Referee B’s QUESTION, whether we can confine the do ... od construction to guarded command sets of a single guarded command --that is what his question boils down to-- is answered by ”In principle, yes“. but it could be harmful to the efficiency (see the above example). It would, furthermore, be an arbitrary restriction that would destroy the symmetry between the repetitive and the alternative construct and from which I, therefore, do not expect a simplification.
I shall include a further example --I think computing XY for a binary and a decimal machine-- to put some meat into the assertion of the ability to ”map otherwise (trivially) different programs on the same program text“, in the hope of also meeting Referee A’s general request about-the practical use. (Although I am not sure that I can convince everybody of the ”practical“ significance: norms of practicality tend to be heavily dependent on personal circumstances.)

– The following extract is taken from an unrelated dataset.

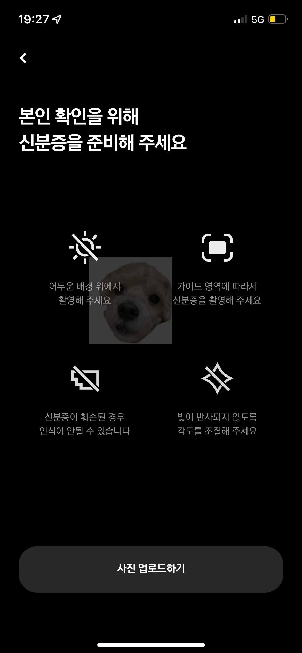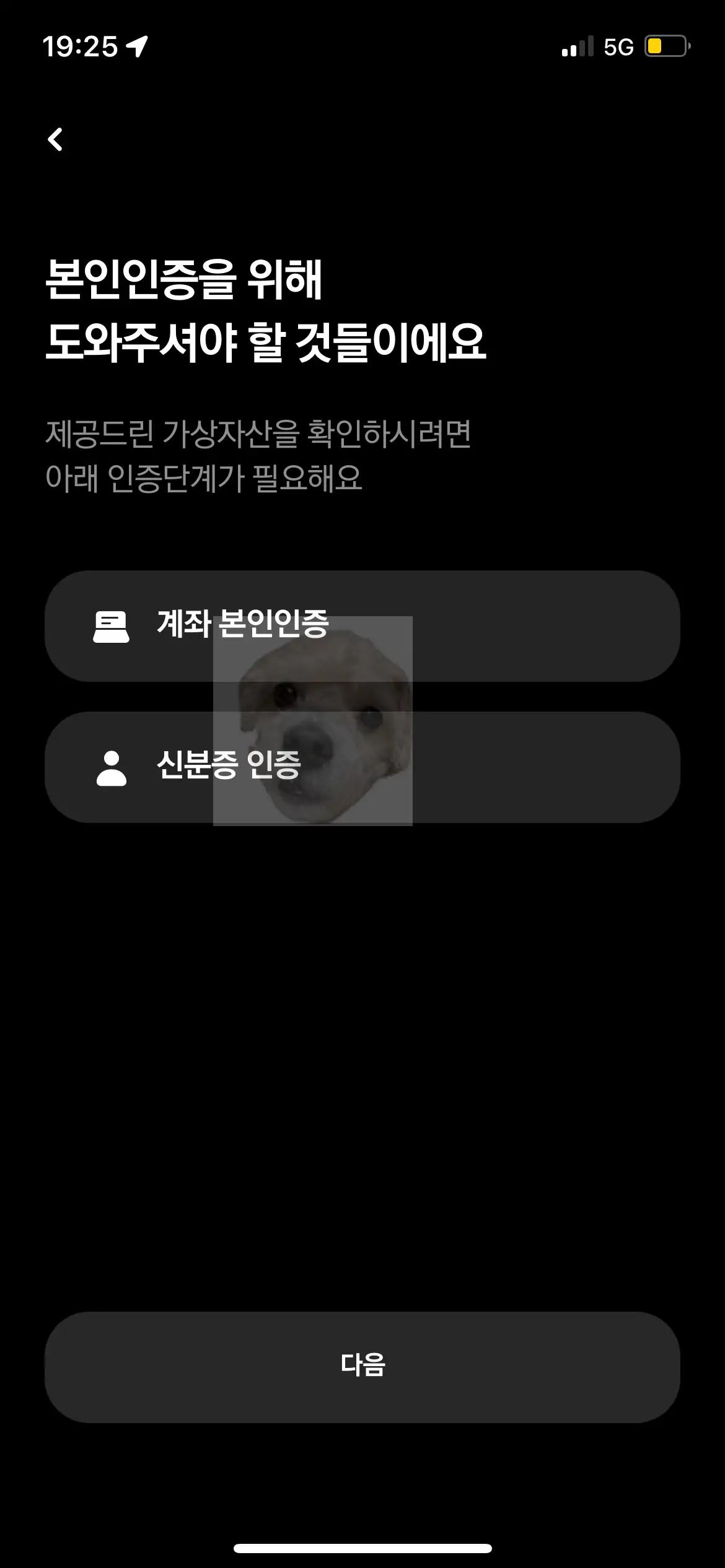 본인인증 첫번째 단계는 계좌 본인인증 그리고 두 번째는 신분증을 통한 인증이다. 다른 거래소에서 KYC하는 것과 비슷하다고 생각하면 편할 것이다.

I regret that only one suggestion has been made to shorten the paper --needless to say: it will be followed-- and thank my referees also for minor remarks as typing errors: your sets of typing errors pointed out to me had an empty intersection! In order to reduce the probability of introducing new typing errors, I shall produce the final version of the manuscript with scissors and paste.

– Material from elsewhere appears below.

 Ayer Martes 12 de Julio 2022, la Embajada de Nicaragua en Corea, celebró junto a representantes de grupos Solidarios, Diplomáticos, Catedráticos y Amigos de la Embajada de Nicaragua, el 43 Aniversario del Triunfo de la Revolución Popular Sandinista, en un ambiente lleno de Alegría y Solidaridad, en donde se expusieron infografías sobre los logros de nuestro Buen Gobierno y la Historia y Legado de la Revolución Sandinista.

With feelings of gratitude, yours ever signature 22nd January 1975 prof.dr.Edsger W.Dijkstra Plataanstraat S Burroughs Research Fellow NUENEN - 4555 The Netherlands
Post-scriptum d.d. 28th January 1975: EWD418 has been rebuilt into EWD472. Efforts to include other examples have been abandoned as I discovered that they would lengthen the article considerably. I have tried, instead, to formulate explicitly what would be concluded from those examples. The lower half of EWD472 makes one of the advantages of the guarded command set explicit by comparing my version of Euclid’s Algorithm with conventional ways of writing it down. On that same example I could graft some remarks about efficience. The paragraph extending from EWD472 - 12 to EWD472 - 13 gives a further description of why they are useful. As far as contents is concerned I think that the additions are improvements; the English of the new sections seems to run less smoothly, I am sorry to say!
EWD.